*TASK DETAILS*:
What I need is an exact repeat of the lines from the one with "6.通过小男孩偷偷从门缝里开" through the end of the listing below. Leave out every picture.

*INPUT MATERIAL*:
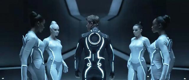 Tron: El Legado (Tron: Legacy) es cine como experiencia casi puramente sensorial/espacial, donde la historia es casi irrelevante lo que, como una moneda, tiene dos caras. Por un lado es visualmente espectacular, como lo fue probablemente la primera en su momento; es además auditivamente intensa, gracias a la música constante de Daft Punk, si bien la inspiración del duo electrónico en la música de Hans Zimmer y James Newton Howard de “Batman Begins” y “The Dark Knight” llega a ser por momentos un poco agotadora y contradictoria. Una película preocupada por la claridad de su diseño y la orientación dentro de sus espacios. Algo que es fundamental en escenas de acción bastante notables como la nueva persecución en las motocicletas cyberneticas (actualizadas), que ocurre realmente en tres dimensiones y en múltiples niveles. Sí, porque esta película además, adherida a la nueva moda Hollywoodense que regresa desde los 80’s y 50’s, esta hecha en 3D. Afortunadamente, es un verdadero 3D, juicioso y que puede entenderse, sin mareos ni fanfarronerías borrosas y oscuras como las de otras películas que buscan el dinero fácil, como lo fue la incomprensible por momentos Lucha de Titanes (2010) y la espantosa El Último Maestro del Aire (2010), con su oscuridad aberrante y un 3D como para quedar totalmente mareado.
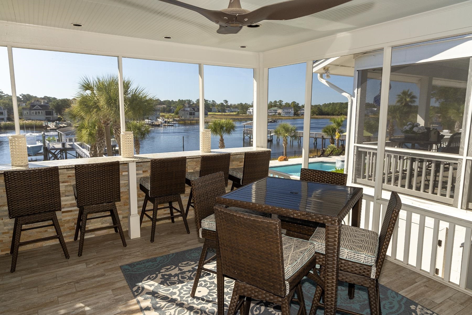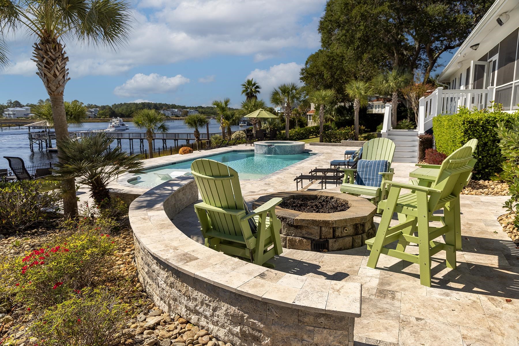 This stunning waterfront estate elevates coastal living to an unparalleled level, offering direct Intracoastal Waterway access in the heart of the charming seaside town of Little River, South Carolina. Located in the secluded Eastport community, this exceptional property spans approximately 2.17 acres of meticulously manicured grounds and boasts nearly 210 feet of pristine waterfront—an exquisite setting for the discerning buyer. Nestled at the end of a private drive, the residence offers approx 3,477 sq. ft. of thoughtfully designed heated living space, blending luxury, privacy, and sophisticated coastal charm. Inside, you’ll find three beautifully appointed bedrooms, each with its own full en-suite bath. The primary suite serves as a true retreat, featuring a spa-inspired bath with a double shower, a luxurious soaking tub, and an elegantly designed walk-in closet. The gourmet kitchen is a chef’s masterpiece, equipped with a Gas Thermador Range, Sub-Zero full refrigerator and freezer, and an expansive scullery complete with a steam oven, second dishwasher, and dedicated ice machine. The adjoining great room includes a refined wet bar with an additional ice maker and wine cooler, creating the ideal space for entertaining. A spacious formal dining area further enhances the home’s exceptional hosting capabilities. Resort-style outdoor living defines the property’s beautifully designed grounds. Enjoy a 20' x 38' heated pool and spa, a fully equipped outdoor kitchen, a charming fire pit perfect for evening gatherings under the stars, and a fenced backyard with aluminum fencing for added appeal. The covered dock includes a 16,000-lb boat lift, jet ski lift, and captivating landscape and dock lighting creating an enchanting ambiance along the waterfront. Distinguished extra features include a whole-house Generac propane generator, encapsulated crawl space, white oak hardwood floors throughout, underground utilities, and a comprehensive irrigation system. The property also offers a two-car attached garage, a detached two-car garage and a separate storage building. Exuding timeless elegance and exceptional craftsmanship, this waterfront estate offers a rare opportunity to enjoy luxurious, secluded coastal lifestyle in the peaceful Eastport community. Truly a fisherman’s and boater’s paradise, this property provides serene waterfront living with direct Intracoastal Waterway access—an ideal retreat for those who cherish life on the water and all if has to offer.
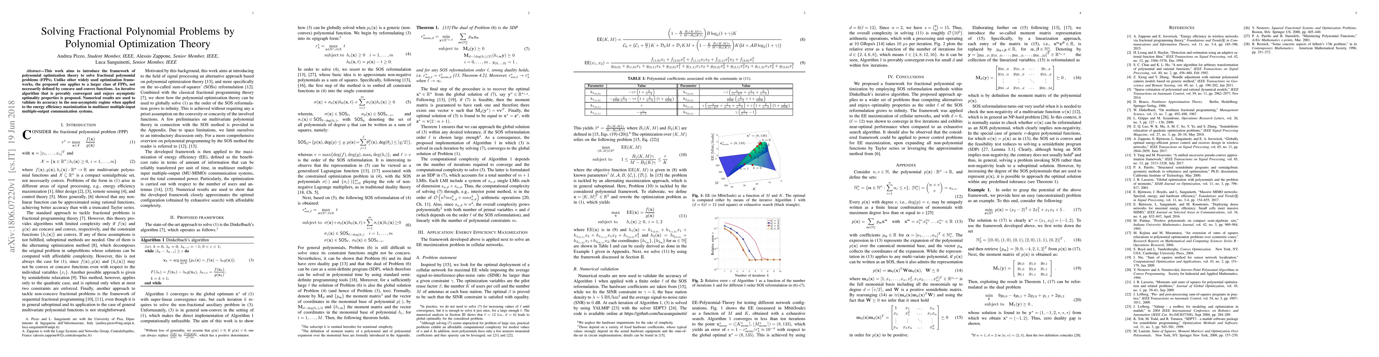 This paper introduces a new framework using polynomial optimization theory to solve fractional polynomial problems, offering a larger class of solvable FPPs and numerical validation for energy efficiency maximization in communication systems.
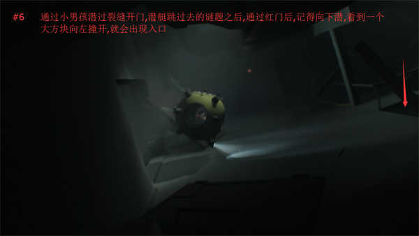 6.通过小男孩偷偷从门缝里开门的谜题后,在前厅跳过去,穿过鸿门后,记得往下潜,看到一个大块时,向左敲一下,入口就会出现。
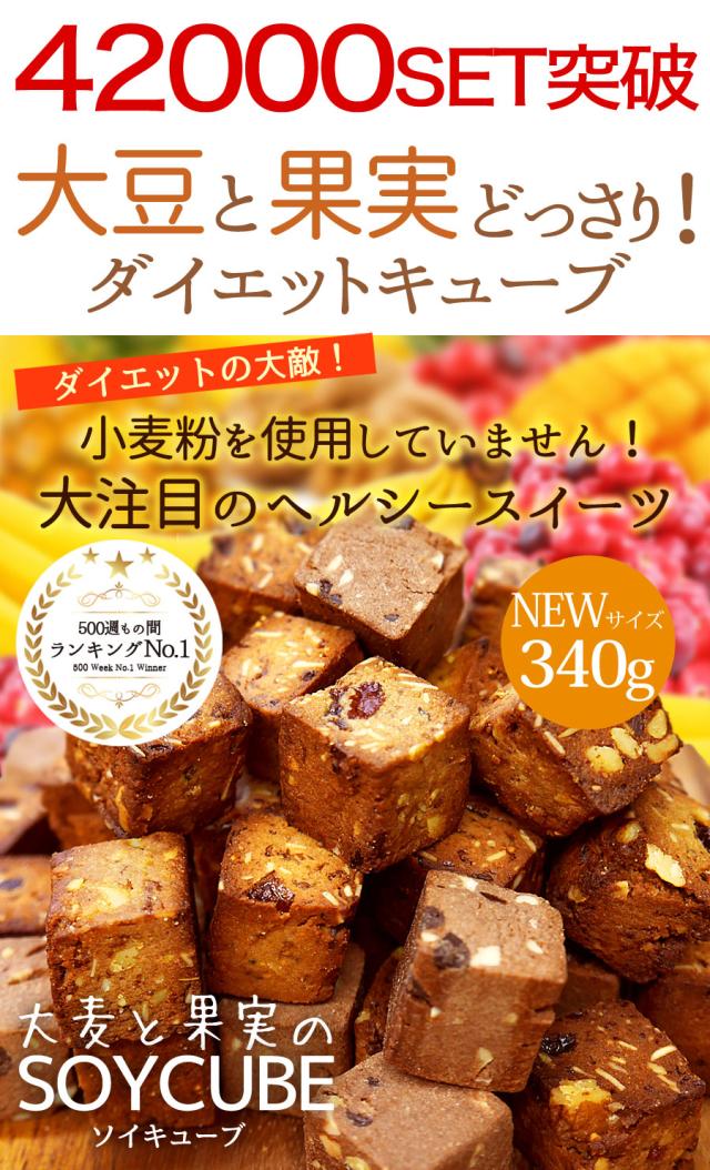 大麦と果実のソイキューブ 340g 送料無料 小麦粉不使用 グルテンフリー ヘルシー スイーツ ダイエット 大豆スイーツ 置き換え 腹持ち 食物繊維 アーモンド レーズン チョコチップ

*RESPONSE*:
 6.通过小男孩偷偷从门缝里开门的谜题后,在前厅跳过去,穿过鸿门后,记得往下潜,看到一个大块时,向左敲一下,入口就会出现。
 大麦と果実のソイキューブ 340g 送料無料 小麦粉不使用 グルテンフリー ヘルシー スイーツ ダイエット 大豆スイーツ 置き換え 腹持ち 食物繊維 アーモンド レーズン チョコチップ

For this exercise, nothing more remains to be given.